Global Citizen Tries For a Degree
Dear Readers,
Some of you may know that over the last year or so, I’ve been struggling with finding funding sources to finish my graduate degree. In the end, I’ve decided to make a personal appeal through crowd-sourcing to fill the last few gaps needed to get my degree. I’ve started a Indie Go Go campaign on the matter.
I realize this is both a highly personal appeal and one that requires thorough explanation. Money’s a big deal. Asking for it’s even a bigger deal. What are you funding if you decide to chip in?
The long and short of it is: Foreigners aren’t eligible for student loans, and my other sources of support (e.g. family) are tapped.
For more detail read on, dear reader, and I’ll try to lay it out as plainly and clearly as I’m able….
My regular readers will know that I’m a graduate student at the Lyndon B. Johnson School of Public Affairs. (Or more infamous the LBJ School of “Pubic” Affairs…) There I’m part of the Masters in Global Policy Studies program, which aims to create a new generation of policy makers for a more globalized world.

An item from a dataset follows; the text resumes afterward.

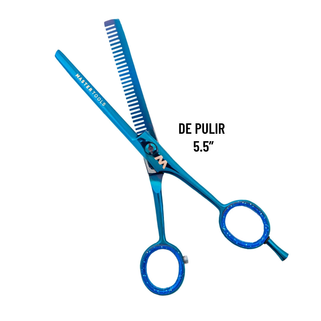 Esta tijera Mastertools de la línea Professional, con un vibrante acabado en azul metálico y detalles brillantes en los anillos, es una herramienta de corte recto fabricada en acero inoxidable de alta calidad para mayor durabilidad y resistencia a la corrosión. Sus cuchillas convexas y afiladas ofrecen cortes precisos y suaves en cabello húmedo o seco, ideales para técnicas de peluquería y barbería profesional. El diseño ergonómico con mangos offset y tensión ajustable minimiza la fatiga en la mano durante usos prolongados. Perfecta para estilistas que buscan estilo, precisión y comodidad en su kit diario.

Global policy is a bit of a buzzword. It’s meant to evoke a post Cold War paradigm, one where borders are fluid and the world moves past the old strictures of “international relations”. It’s also a deeply personal frame. Going from an “international” to a “global” perspective has been my own evolution.
I was once a returnee student in Japan. In a society where conformity was the rule and parochial nationalism was the norm, it was a social death sentence to be multi-cultural. The harder parts of it I’ve chronicled elsewhere.

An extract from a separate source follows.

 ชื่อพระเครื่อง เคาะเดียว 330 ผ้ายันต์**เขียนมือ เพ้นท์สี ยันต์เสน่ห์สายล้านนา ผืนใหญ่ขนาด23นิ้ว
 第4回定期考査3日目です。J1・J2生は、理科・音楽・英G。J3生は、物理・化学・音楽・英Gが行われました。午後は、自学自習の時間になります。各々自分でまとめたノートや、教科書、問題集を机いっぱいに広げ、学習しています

Yet it was also liberating. The old, closed world of Japanese society was at odds with the more globalizing economic environment I’d grown up in. Leaving the stifling culture of Japanese prep schools, I began to travel. I honed my english skills, knowing it’d be my ticket to a wider world. At 14, I quit high school, began taking the United Nations Association Test of English. The 90s were a time of great hope for the UN and international affairs. The Cold War was over, borders seemed to be opening up everywhere. It was an exciting portal to a bigger world, especially for a teenager.
By my 15th birthday, I’d gotten the A-class certification and immersed in the world of international public service. I traveled, I saw more of the world. The heady excitement was there, and I was happy. I could see myself living not as a Japanese citizen, but as a global one. Numerous interview tests with former high level diplomats left me hungry for a fuller engagement with these issues.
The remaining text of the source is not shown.